It is often possible today to raise significant capital through private placements or initial public offerings by companies that do not presently have incoming revenue from a product or service. Capital may be based upon the strength of a company’s software assets, or other intellectual property.


Joint Ventures and Licensing


Companies sometimes pool expertise or bring certain assets into a venture they share or pay to use assets that are owned by another. In most cases, the assets involved are intangible, such as software. The financial terms of the joint venture are frequently dictated by the value of the software.


Various Tax Situations


When parents die and estate taxes must be assessed, any intellectual property owned by the parents, either as patents, copyrights, trademarks, etc., may need to be valued. The same applies to the assessment of income and property taxes. In addition, certain states provide tax credits for the purchase of capital items such as software as well as research and development credits for software development. In some cases federal tax guidelines provide tax advantages for software acquisition. Furthermore, because purchased software is a capital asset, it must be depreciated, and its value must be known.




For insurance purposes, the value of all capital assets (including software) must be ascertained. It is an asset that may be substantially more valuable than the tangible assets.




Prior to pursuing litigation (or defending litigation), the value of intellectual property may need to be assessed. Pre-litigation strategy, however, usually involves determining what might be the potential damages awarded and the probability of various outcomes -- rather than attempting to determine the monetary value of the intellectual property. The two inquiries, though related, are quite different.


Marital Dissolutions


Splitting the property in failed marriages now goes beyond bank accounts, homes and pension plans. Businesses that are part of marital property often possess intangible assets, including patents, copyrights, trademarks, etc.



Effect of Protection Type On Valuation of Software Assets


A software asset that has no protection has minimal value. If it is in the public domain, or it can easily enter the public domain, its main value is to an individual user for day to day use. However, certain software packages that are in the public domain are sold widely by their original developers. For some reason, competitors are unwilling to enter into the particular niche market. Nevertheless, it is safe to say that the broader the protection enjoyed by a software product, the greater the value of that product. Multiple levels of protection, as described above, enhance the value of the product by the greatest amount.


Patent protection for software provides the owner with a virtual monopoly for the idea or concept embodied by the software. Obtaining a patent insures against someone else producing another software product that uses the same methodology as described in the patent. Copyright protection insures against software piracy, i.e., someone else copying the product or producing a product substantially similar to the original software. However, copyright infringement requires that the infringer have access to the original work. If the substantially similar work was developed independently, there is no copyright infringement. On the other hand, patent protection extends even to independent development where the infringer had no access to the original work. Trade secret protection is the minimum protection that can be obtained. Ownership can only be enforced by ordinary contract law and some applicable statutes.


In appraising the value of software, one must take into account the level of protection. The protection lifetime for software patents or copyrights is probably greater than the useful life of the software product itself. Therefore, patents afford greater protection than copyrights which afford greater protection than trade secrets. The value of such protection can be quantified in determining the depth of market penetration. Clearly, a protection mechanism that enables more of the competition to be eliminated makes the software product more valuable.



Factors Affecting the Valuation


Industry and Competition


Some of the most important factors that should be considered when seeking intellectual property comparability are the target industry itself, profits derivable from the target industry, barriers to market entry, market share, whether new technologies are available and future growth prospects of the company.

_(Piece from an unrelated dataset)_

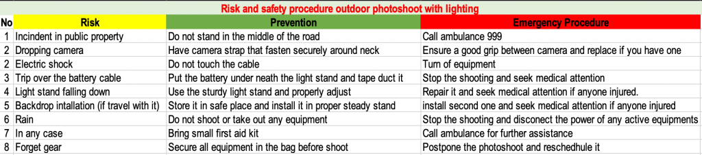 I would like to address all the risk and safety procedures when shooting outdoor in a table as follows:

The value of a business is greatly influenced by an industry in which the property is used. Industry cycles and economics can limit the value of a business and the intellectual property that it possesses.


Certain industries are more volatile than others. These industries may experience technological breakthroughs frequently and regularly. The computer software industry is extremely fast moving, where products become obsolete even before they are introduced into the market. If the target industry of the software shifts and evolves regularly and frequently, this decreases the value of the software asset by decreasing the duration of its profitability.

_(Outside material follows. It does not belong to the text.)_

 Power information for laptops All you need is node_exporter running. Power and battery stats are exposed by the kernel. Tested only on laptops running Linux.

Further, you must consider whether the target industry is in its infancy or is established and how this affects the amount and duration of profitability. Competitors can affect the amount and duration of profitability of the software by introducing competitive alternative products and by developing a superior new product. There may exist known competitors with known alternative or superior products. You may not know of any competition. Competition can limit the duration of the value of the product. If a competitor has a known alternative product, this affects the amount of profits you can expect from the software. A technological breakthrough of a superior product may abruptly terminate the profitability of a software package, therefore decreasing its value. Further, if the competitors are well known in the industry and you are new to the industry, the reputation of your competition may pose barriers to entry and thus increase the costs associated with the product.


Economy and Market Conditions


In order to accurately assess the value of a software product, the market conditions are extremely important. For example, if inflation is high, the revenue generated by the software may increase, but the costs associated with the product may also increase. Further, if inflation is high, consumer spending habits may be affected and may influence the commercial success of the software. If, for example, the software relates to a leisure or luxury industry or the price is very high, consumers will be less likely to respond favorably during inflationary periods.

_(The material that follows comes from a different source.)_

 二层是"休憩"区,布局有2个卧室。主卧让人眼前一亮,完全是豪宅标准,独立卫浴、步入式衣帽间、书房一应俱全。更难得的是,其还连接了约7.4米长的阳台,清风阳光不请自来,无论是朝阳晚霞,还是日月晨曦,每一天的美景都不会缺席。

In addition to general economic conditions, economic conditions for the target industry are important to consider. For example, the cellular phone industry is currently experiencing extreme growth. In contrast, the commercial airplane industry is experiencing a slowdown. Applicability of the software to a strong target industry increases the value of the product.


Risks of Emerging Technologies


Emerging technology presents a unique valuation challenge, because it has yet to prove its viability, either scientifically or commercially. With the absence of a historic track record, the value of emerging technology must be based upon the prospects for economic benefits of the short-term and the long-term. The potential competition that emerging technology represents can affect the economic remaining life of intellectual property. An example of this can be where a software product was developed to operate as a text based system at the same time that GUI was emerging into the marketplace. WINDOWS technology tended to make MS-DOS applications obsolete. When looking at intellectual property transactions as market indications of value, care must be taken to assure that the effect of emerging technology is comparable with the asset being valued. The existence of research that is expected to make the subject property obsolete must be reflected in the value decision.


Company’s Goodwill


Sometimes a company engenders instant name recognition with consumers. The company name may be a household name, such as IBM or Toyota, or the company may hold a recognizable trademark, such as XEROX or Windows. A well-known company or trademark could increase the profitability of software by heightening consumer confidence in a product or decreasing the market and entry costs. For example, if the software relates to personal computers and the company is IBM, the value of the software may increase as consumers will have high confidence in the product and IBM would not need to devote substantial funds to establishing a name and reputation in the computer industry.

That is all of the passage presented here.